Wheeler and Hensel gave painful accounts of coming to grips with the violent murder of first graders, only to be confronted within weeks by angry accusations by complete strangers who insisted the grief was an act because there were no murders and, in some cases, no children.

“I was told I was lying,” Wheeler said. “I was going to burn in hell and I would pay for what I had done. And they continued for quite a while. That it was a hoax. That I was a liar. That it was a fake. An event like this makes you question everything. It is completely disorienting. You don’t know what’s what anymore. It is awful.”

Wheeler said his tormentors learned from material posted on the internet that, for more than a decade after college, he struggled — ultimately, without success — to be an actor in New York. Film clips were cut and spliced in misleading fashion to suggest he was still an actor playing the two parts — that of a grieving father and of Bill Aldenberg, an FBI agent who was one of the first responders to the shootings.

A year ago, Wheeler said Aldenberg — an earlier witness at the trial — asked to speak with him, apparently consumed by the belief that his resemblance to Wheeler was somehow contributing to the harassment.

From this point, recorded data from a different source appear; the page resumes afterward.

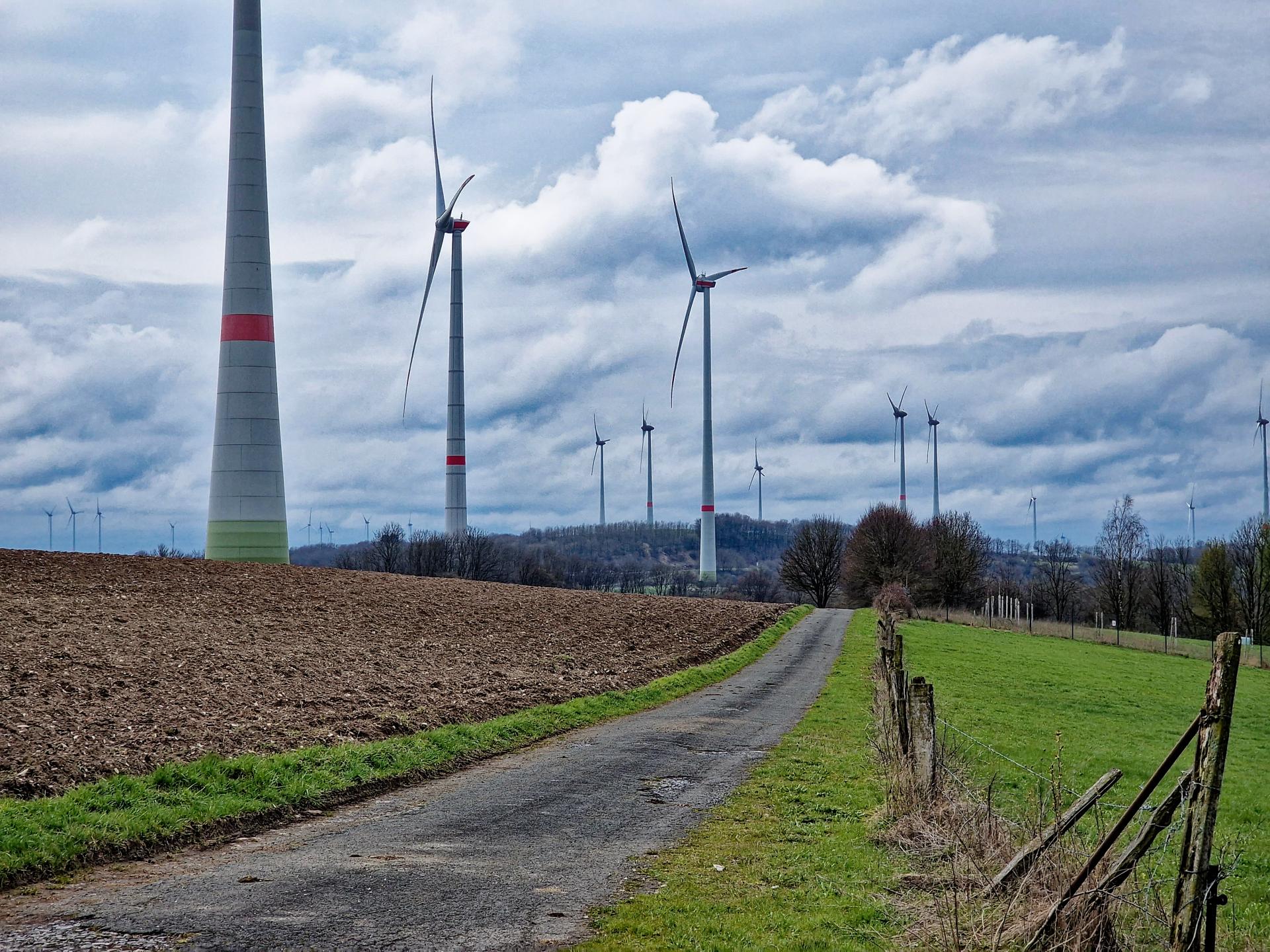 Durch den Windpark entlang der Schießanlage geht es dahin.
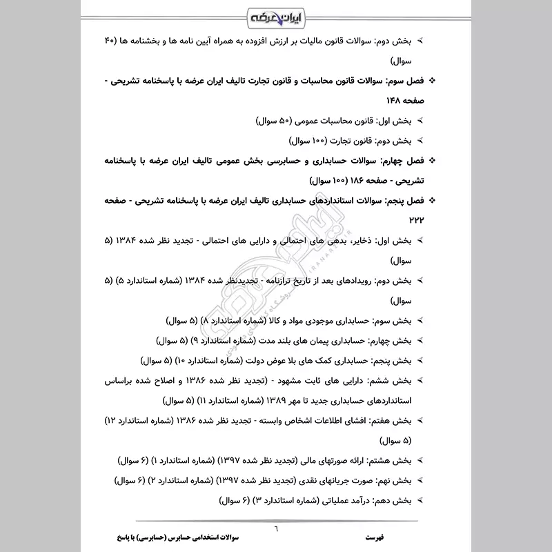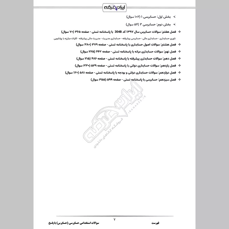 گروه آموزشی ایران عرضه اقدام به ارائه جزوات و سوالات حسابرسی منطبق با منابع اعلامی سازمان جهاد دانشگاهی نموده است. جهت آمادگی برای آزمون استخدامی حسابرسی در سال 1404 این بسته سوالات آماده شده است که شامل سوالات طراحی شده توسط کارشناسان خبره بر اساس منابع اعلام شده جدید می باشد. این بسته شامل سوالات حیطه تخصصی با پاسخنامه تشریحی و قابلیت پرینت برای مطالعه آسان میباشد که با حل این سوالات، به طور کامل با سبک سوالات آزمون آشنا میشوید. کارشناسان ما بر این باورند که این مجموعه عاملی مهم برای آمادگی شما در این آزمون بوده و قدمی مهم برای موفقیت در آن خواهد بود.
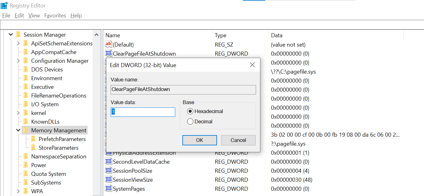 Check the box labeled “ClearPageFileAtShutdown“. Type “1” into the “Value Data” box, and then choose “OK”. Clean PageFile at Shutdown
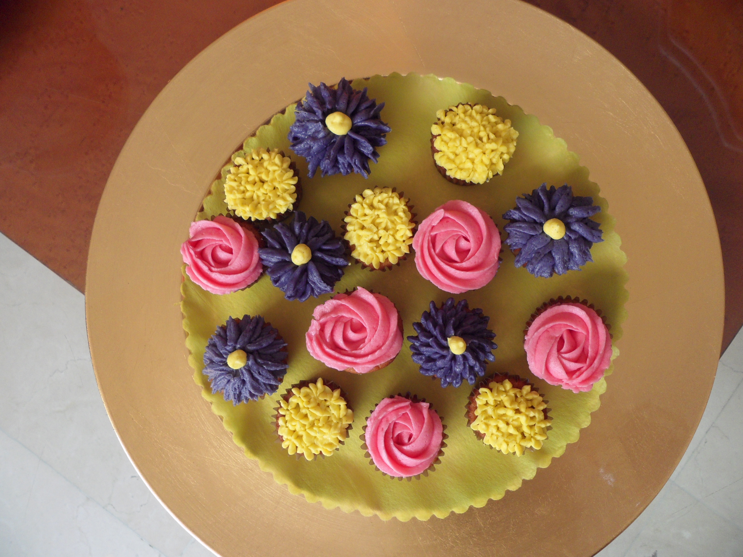 It sounds so easy, butter, sugar and some vanilla extract. That’s classic American Buttercream. It’s the only buttercream I was aware of when I began baking. Now I know, there’s a lot more to it. All the youtube videos out there will make you believe that buttercream can be made with your eyes closed. What they don’t take into account is personal taste, frosting purpose and the ingredients that are locally available to you. Each recipe has different proportions. Some use shortening, some use butter, some use both. Then you’ll discover there are continent specific Buttercreams like the European Swiss Meringue Buttercream, Italian Meringue Buttercream and French Buttercream. Don’t be intimidated, it’s just the Europeans being snooty and adding raw egg to their frosting. According to me, that definitely poses health risks. American Buttercream requires a lot, almost a pound per batch, of icing sugar. That makes for really really sweet frosting. I prefer to use salted butter to cut the sweetness but it really depends on the recipe. If your frosting is too stiff you can use milk or cream to make it smoother. However you have to be careful to add the liquids one tablespoon at a time because you don’t want your frosting to be too runny either. The most important step according to me when making buttercream is beating the butter. It should be a pale yellow color and nice and fluffy before adding the sugar. For piping flowers the buttercream needs to be stiff, for swirls creamy and for a fondant topper or sprinkles runny buttercream is fine. Make sure there are no air pockets in your piping bag or there will be holes in your swirls. After decorating cupcakes, buttercream can be kept in the fridge for 20-30 minutes to set. Then make sure you keep them outside, covered, in a cool place. Buttercream tastes best at room temperature. If you like it crusty, chill it a few minutes before serving. Shortening is used when you want the frosting to last longer or when you need a white frosting but it doesn’t taste as good.

“We sat outside and talked,” Wheeler said. “It was a hard conversation for both of us. It was very hard for Bill. Because it became very clear to me almost immediately that he felt a tremendous amount of responsibility for what had happened to me. He came to apologize to me, which was ridiculous, because he had absolutely nothing to apologize for.”

More difficult, Wheeler said, was having to explain the hoax claims to his older son, pre-teen Nate, who was in danger of being exposed to people saying his little brother never died.

“And for years he would ask me why anyone would do these things, why Alex Jones would do these things,” Wheeler testfiied. “We had to sit down and talk about it. We had to have conversations. I had to explain my thoughts about why someone would do this. I didn’t have an answer. I didn’t know what to tell him.”